If your mature blueberry bushes have not been pruned in several years, they should be rejuvenated. Productivity is greatly reduced on branches that are more than six years old. Cut off about one-third (no more) of the oldest canes to within a few inches of the ground each winter for two or three years until there are no canes older than seven years. Remove any dead wood, crossed or damaged branches, as well older than 6 year old wood.

Fertilizing Blueberry Bushes

Apply ammonium sulfate or a fertilizer formulated for blueberries, azaleas, and rhododendrons in early spring just before the leaves break out.
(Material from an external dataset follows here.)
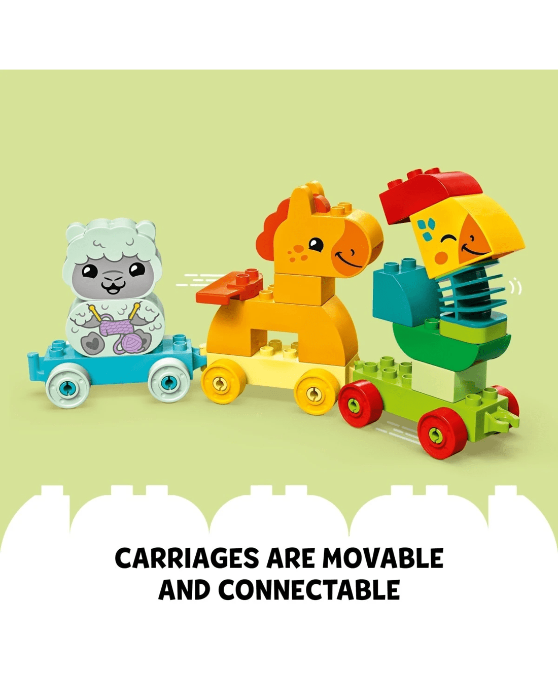 - Animal vehicle toy - This LEGO DUPLO My First Animal Train set for toddlers include 4 buildable animals and 3 detachable carriages for pull-along, creative role-play

Follow label directions and do not over-fertilize.

Excess fertilizer, along with fertilizers too high in nitrate nitrogen, easily damages blueberries. We highly recommend a slow release fertilizer spread around the bush and three or four feet out.

It’s a good idea to mulch your blueberry bushes annually to prevent weeds and to keep the soil moist. Blueberry roots grow close to the surface, so it is not advisable to till or cultivate the soil for weed control. Rabbiteye blueberries have few pests or diseases to worry about.

With these easy blueberry growing tips, you’ll be ready to savor this superfood in no time! Enjoy!